Un autre responsable de la campagne Mahmoud Farrag, a affirmé que M. Chafiq avaient recueilli 51,6% des voix selon des résultats partiels en provenance des bureaux de vote.
Après l'annonce de sa victoire, M. Morsi a remercié lors d'une allocution dans son QG ceux qui ont voté pour lui et s'est engagé à travailler "main dans la main avec les Egyptiens pour un avenir meilleur, pour la liberté, la démocratie et la paix".
Il a aussi promis de "servir tous les Egyptiens" quelles que soient leurs obédiences politiques ou religieuses.
Les résultats officiels doivent être annoncés jeudi par la Commission électorale.
Peu après l'allocution de M. Morsi, des centaines de ses supporteurs ont afflué sur l'emblématique place Tahrir, épicentre de la contestation qui a chassé M. Moubarak du pouvoir, pour fêter la "victoire" de leur candidat. Les nouveaux pouvoirs de l'armée ont été vivement dénoncés par les Frères musulmans et les partis de la mouvance révolutionnaire qui les ont assimilés à un coup d'Etat.
Le Conseil suprême des forces armées (CSFA) a notamment annoncé dans une Déclaration constitutionnelle amendée qu'il exercerait le pouvoir législatif jusqu'à l'élection d'une nouvelle Assemblée du peuple.
La Chambre des députés, dominée par les Frères musulmans, a en effet été dissoute samedi en application d'un arrêt de la Haute cour constitutionnelle pour un vice juridique dans la loi électorale.
Le nouveau scrutin ne pourra toutefois pas avoir lieu avant la rédaction d'une nouvelle Constitution par une commission ad hoc et son adoption "par voie de référendum", précise le texte.

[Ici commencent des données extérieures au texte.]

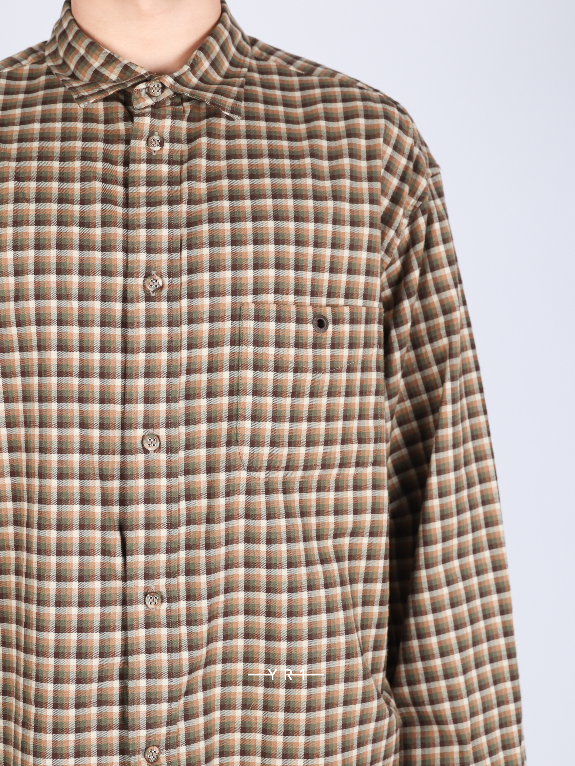 这款格纹衬衫采用带孔眼的贴袋设计,

La rédaction de la nouvelle Constitution sera confiée à une "commission constitutionnelle représentant tous les segments de la société" et qui disposera de trois mois pour terminer ses travaux, ajoute le texte. Le CSFA s'accorde en outre un droit de veto sur tout article qu'il estime "contraire aux intérêts suprêmes du pays".

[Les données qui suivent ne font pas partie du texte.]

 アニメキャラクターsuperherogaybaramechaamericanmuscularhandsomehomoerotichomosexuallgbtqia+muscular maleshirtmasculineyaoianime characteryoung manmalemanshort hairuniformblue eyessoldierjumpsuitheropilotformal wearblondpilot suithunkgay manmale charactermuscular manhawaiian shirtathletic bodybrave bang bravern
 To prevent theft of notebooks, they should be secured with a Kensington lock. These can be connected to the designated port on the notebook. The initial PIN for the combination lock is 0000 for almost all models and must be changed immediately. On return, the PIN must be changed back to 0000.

La Déclaration stipule aussi que le CSFA du maréchal Hussein Tantaoui "dans sa composition actuelle a pouvoir de décision pour tout ce qui relève des forces armées, la nomination de ses commandants et la prolongation de leur service".
Les mesures annoncées par les militaires dimanche et la dissolution de la Chambre ont éclipsé le scrutin présidentiel qui s'est déroulé samedi et dimanche sans accroc majeur.
Les bureaux de vote ont fermé leurs portes à 22h00 (20h00 GMT), soit deux heures plus tard que prévu afin de favoriser la participation. Quelque 50 millions d'électeurs étaient appelés à voter. Le dépouillement a commencé aussitôt après.
Ancien commandant en chef de l'armée de l'air, M. Chafiq, 70 ans, a fait campagne sur le thème de la stabilité, chère à de nombreux Egyptiens après plus d'un an d'une transition politique chaotique. Il est soutenu par de nombreux Coptes (chrétiens d'Egypte), inquiets d'une victoire islamiste.
M. Morsi, un ingénieur de 60 ans, a de son côté cherché à gommer son image d'islamiste conservateur pour se présenter comme le seul recours des partisans de la "révolution" contre un retour de l'ancien régime.
Housni Moubarak, 84 ans, est détenu dans une aile médicalisée de la prison de Tora, au sud du Caire, après sa condamnation le 2 juin à la perpétuité pour son rôle dans la répression de la révolte de 2011.